The long planned changes to the square won’t take place this year

The rebuilding of Malostranské náměstí likely won’t start until next year, even though the lower part of the square has been closed to parking since July 2016.

The city hopes to finally get all of the necessary permits by the end of May 2018. The start of the repairs at the beginning of 2019 means that any large-scale disruptions to transportation in the area won’t occur until after the municipal elections in the fall.

Other projects such as the renovation of the National Museum and repairs to the Astronomical Clock should be finished before the elections, so the city should be free of major disruptions at the time of the vote.

The first stage of the Malostranské náměstí renovation should be an archaeological survey in the first half of 2019. The square has been in continual use for centuries and the ground underneath it should have traces of its former incarnations. The foundation of a 10th-century rotunda, for example, can be found in the Charles University Faculty of Mathematics and Physics building just next to the former parking lot on the square.

Tram lines will also be disrupted so the tracks can be rebuilt, and traffic will be redirected during repairs. To make the square more friendly to pedestrians, traffic will remain limited even after the tram tracks are rebuilt.

After the survey is completed and the tram tracks are back in place, the square will be repaved to get rid of the asphalt covering in the former parking lot. The square should get a coherent look with a uniform paving design across the entire square. There will be more places to sit, trees and a fountain.

Part of Nerudova Street will turn into a pedestrian area. Tthe corner at Mostecká Street will have more pedestrian space.

Cultural events began to take place in the square in the latter part of 2016, and in the summer of 2017, a temporary cafe built inside a year-old 300- trunk of a tree was there. The cafe called Rugged Stand was by artist František Skála. Pop-up markets have also taken place in the former parking lot.

Malostranské náměstí has a long history going back to the 13th century. The name of the square has changed over the years. The square has long been divided into two parts and was called Horní rynk and Dolní rynk (Upper and Lower Marketplace), and Malostranský rynek. The upper part was also called Vlašský plac, as many Italian merchants were there.

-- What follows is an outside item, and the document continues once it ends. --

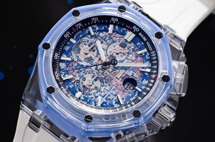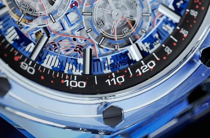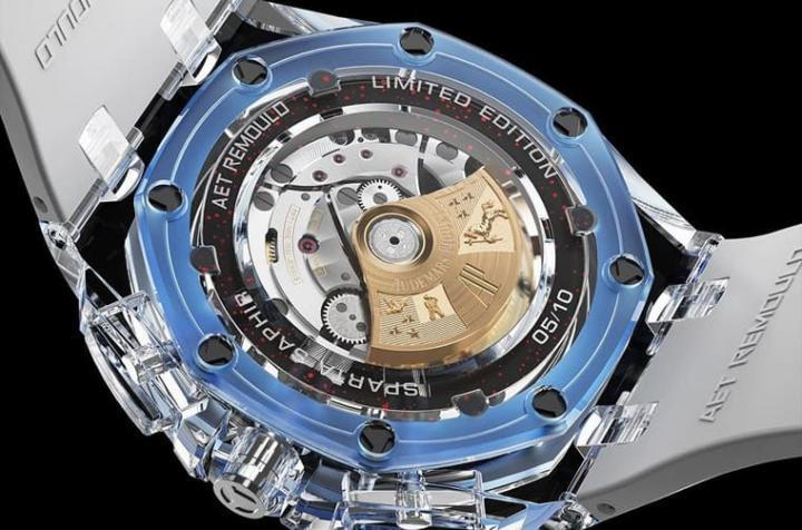 Azure Blue的表背透明底盖边缘一样呈现淡淡的蓝色,并用黑色螺丝牢牢固定,透明底盖边缘拥有和测速计刻度一致的黑底红点设计,至于底盖上这回并没有多加其他图案或色彩,让佩戴者可以好好欣赏手表搭载的3126/3840自动机芯,改装表品牌并未特别修改机芯零件,所以这部分能够体现AP原厂的制表工艺本色。Azure Blue仅限量推出10只。

In the first half of the 19th century it became Štepanské námestí (Stephan Square), and after 1869 it was officially Malostranské náměstí, but people called it náměstí Maršála Radeckého, or Radecký Square, after a large statue located there at that time.

Whether the bronze statue, which still exists, will be returned is still being debated, but Field Marshall Radecký is associated with the Habsburg occupation of Bohemia. A 20-year effort to restore a Habsburg victory column to Old Town Square ended in defeat when the city decided not to accept the replica as a gift, as many people saw it as a symbol of forced oppression.